1分でわかる金嬉老事件

金嬉老事件は銃を持った殺人犯が籠城先の旅館で記者会見を行うなど、日本で初めての劇場型犯罪事件です。 在日韓国人の犯人が警察の差別発言を糾弾する事で、殺人事件が民族問題へと発展します。マスコミによって凶悪殺人犯が民族差別と闘う英雄になっていきます。過熱報道は国民の関心を引き、事件を題材にした映画やドラマも数多く作られました。

金嬉老事件の真相

  • 旅館を舞台にした劇場型犯罪事件
  • 殺人事件は民族問題に移り変わる
  • 犯人をモデルにしたドラマや映画も多数できる

金嬉老事件の概要

1968年2月20日に殺人犯が静岡県の寸又峡(すまたきょう)温泉にあった「ふじみや旅館」で起こした監禁籠城事件の事です。 犯人は、人質解放の条件に警察による在日韓国人への差別発言の謝罪を要求します。手出しできない警察を横目にマスコミを呼んで記者会見をする犯人は「コリアンの英雄」に祭り上げられました。この事件の経緯を説明します。

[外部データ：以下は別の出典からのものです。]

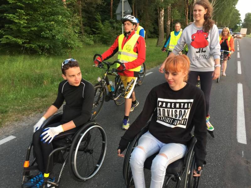 Od Wisznic chłopakowi towarzyszyła Ewa Woźniak, bialczanka także poruszająca się na wózku inwalidzkim.

暴力団と金銭トラブルに陥り暴力団組員2名をライフルで殺害

犯人の名前は在日韓国人2世の金嬉老(キンキロウ)当時39歳です。 1968年2月20日、手形トラブルが原因で借金の返済を求めれていた金嬉老は静岡県清水市(現・静岡市清水区)の歓楽街にあるクラブ「みんくす」で暴力団員2名(1人は未成年)と面会します。 借金返済の口論が続き金は一旦その場を離れますが、再び現れた時には持ってきたライフル銃を乱射して2人を殺しました。店を出た金は、止めていた乗用車で逃亡します。

その後ふじみや旅館に立て篭もり従業員と客を人質にとった

警察の検問も逃亡する金を見つけられませんでしたが、2月21日0時20分頃に金は清水署に連絡を入れます。金自身がその居場所を警察に伝えています。 静岡県にある寸又峡(すまたきょう)温泉の「ふじみや旅館」に押し入った金は、宿泊客と従業員13人を人質にして立て籠もります。金は人質に対して、自分や同胞が朝鮮人としてどれほどの差別を受け苦しんだかを話し、危害を加えない事を約束しています。